Early Exhibitions, 1908-1912
After a year of exhibiting American and European photographs at 291, Stieglitz and Steichen believed they needed an invigorating influx of new ideas. Steichen, at the time, was living in Paris and had befriended many artists. Acting as Stieglitz’s European agent, he sent over exhibitions of such artists as Henri Matisse, Paul Cézanne, Pablo Picasso, and Auguste Rodin, whose drawing Hell was exhibited at 291 in 1910. Many of these early exhibitions, frequently the first presentations of these artists‘ works in this country, included innovative ways of portraying the human form that often shocked 291’s audience with frank depictions of sensuality and challenges to conventional notions of beauty. Stieglitz’s aim, however, was not to sensationalize, but to instruct artists and the American public about the fundamentals of the new art and to provoke serious discussion.

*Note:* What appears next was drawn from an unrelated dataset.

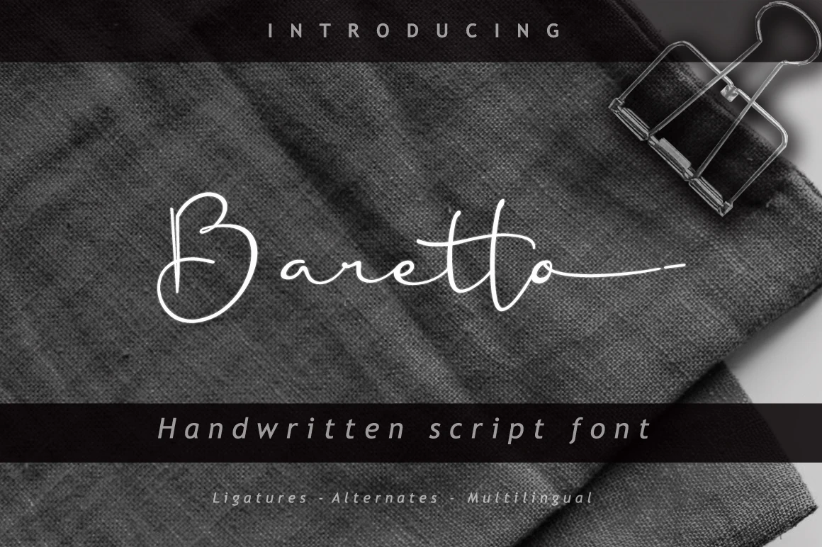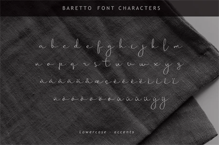 Baretto is a beautiful smooth handwritten script font.It provides realistic handwritten typeface in your design projects, absolutely suited for any display or text use.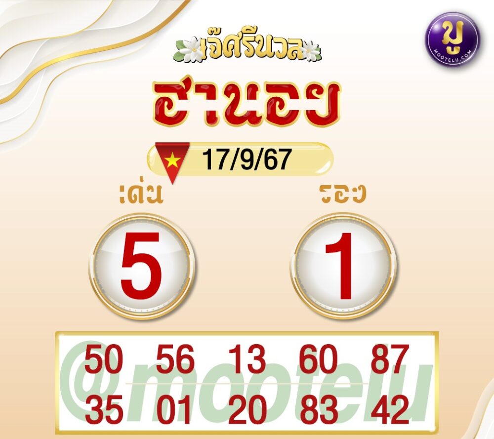 เจ๊ศรีนวล ขนเอาเลขเด่น 5 และรอง 1 มาฝากคอหวยทุกท่าน ซึ่งตัวเลขเหล่านี้มาแรงมากในงวดนี้ เลขชุดอย่าง 50, 56, และ 87 ถือเป็นเลขที่น่าสนใจ หากใครยังไม่รู้จะเลือกเลขไหน ลองพิจารณาเลขจากสำนักนี้ได้เลย

Responding to the Armory Show, 1913
In 1913, stimulated in part by the groundbreaking exhibitions held at 291 in the previous five years, the Association of American Painters and Sculptors hosted a large exhibition of modern European and American art at the Sixty-Ninth Regiment Armory in New York, including work by some of the most innovative artists of the period, many of whom Stieglitz had exhibited earlier. Before, during, and after the Armory Show, Stieglitz organized a series of tightly focused exhibitions at 291: first, he showed watercolors by the American artist John Marin, then his own photographs, followed by the work of the French modernist Francis Picabia. Each exhibition included studies of New York City, and thus over the course of three months visitors to 291 were able to contrast how European and American artists responded to the city. In what he called a „diabolical test,“ Stieglitz timed the exhibition of his photographs to coincide with the Armory Show to see if his own art withstood comparison to the latest developments of modern painting.
New Experiments, 1914-1917
In the wake of the Armory Show several other New York galleries began to exhibit modern European art. Unwilling to be one among many, Stieglitz altered 291’s course and, aided by Steichen and the Mexican caricaturist Marius de Zayas, began to exhibit more experimental art, such as that of Constantin Brancusi in 1914. Later that year, with the help of de Zayas, Stieglitz mounted what he claimed to be the first exhibition anywhere to present African sculpture as fine art rather than ethnography. Inspired by their spiritual and expressive qualities, Stieglitz exhibited sculpture from central and west Africa. In 1915 he installed works by Picasso and Georges Braque together with a reliquary figure from the Kota people of Gabon and a wasp’s nest. In this way, he sought to stimulate debate about the relationships between art and nature, Western and African art, and intellectual and supposedly naïve art.
During World War I, 291 became a haven for European artists. To express the new spirit they brought to the gallery, Stieglitz, de Zayas, and Picabia, along with Paul Haviland, a supporter of 291, and Agnes Ernst Meyer, a former critic, launched a new publication named for the gallery. Many articles in 291 applauded America as the most modern nation in the world, but writers also challenged readers to recognize and embrace the central role that the machine played in their life. In 1917 the French dada artist Marcel Duchamp carried this idea a step further when he declared that a machine-made object, a urinal he titled Fountain, was a work of art. Stieglitz concurred with Duchamp, and after Fountain was rejected from another exhibition, he showed it at 291.
Younger American Artists, 1916-1917
Although modern art received greater attention after the Armory Show, few New York galleries showed American works. Deeply committed to American artists, Stieglitz made them the focus of his activities after 1915. In 1916 and 1917 he presented a series of exhibitions of the painters Marsden Hartley and Georgia O’Keeffe, and the photographer Paul Strand, that summarized the dramatic changes that had occurred in American art in the past decade. Each artist had integrated the latest developments in modern European art with their own experience and constructed a powerful new vocabulary of form and color. Despite these innovative exhibitions, Stieglitz was forced to close 291 in June 1917. For more than twelve years he had supported the gallery with his own or his first wife’s personal income, yet mounting financial difficulties, caused in large part by the United States‘ entry into World War I, made it impossible for him to continue to do so.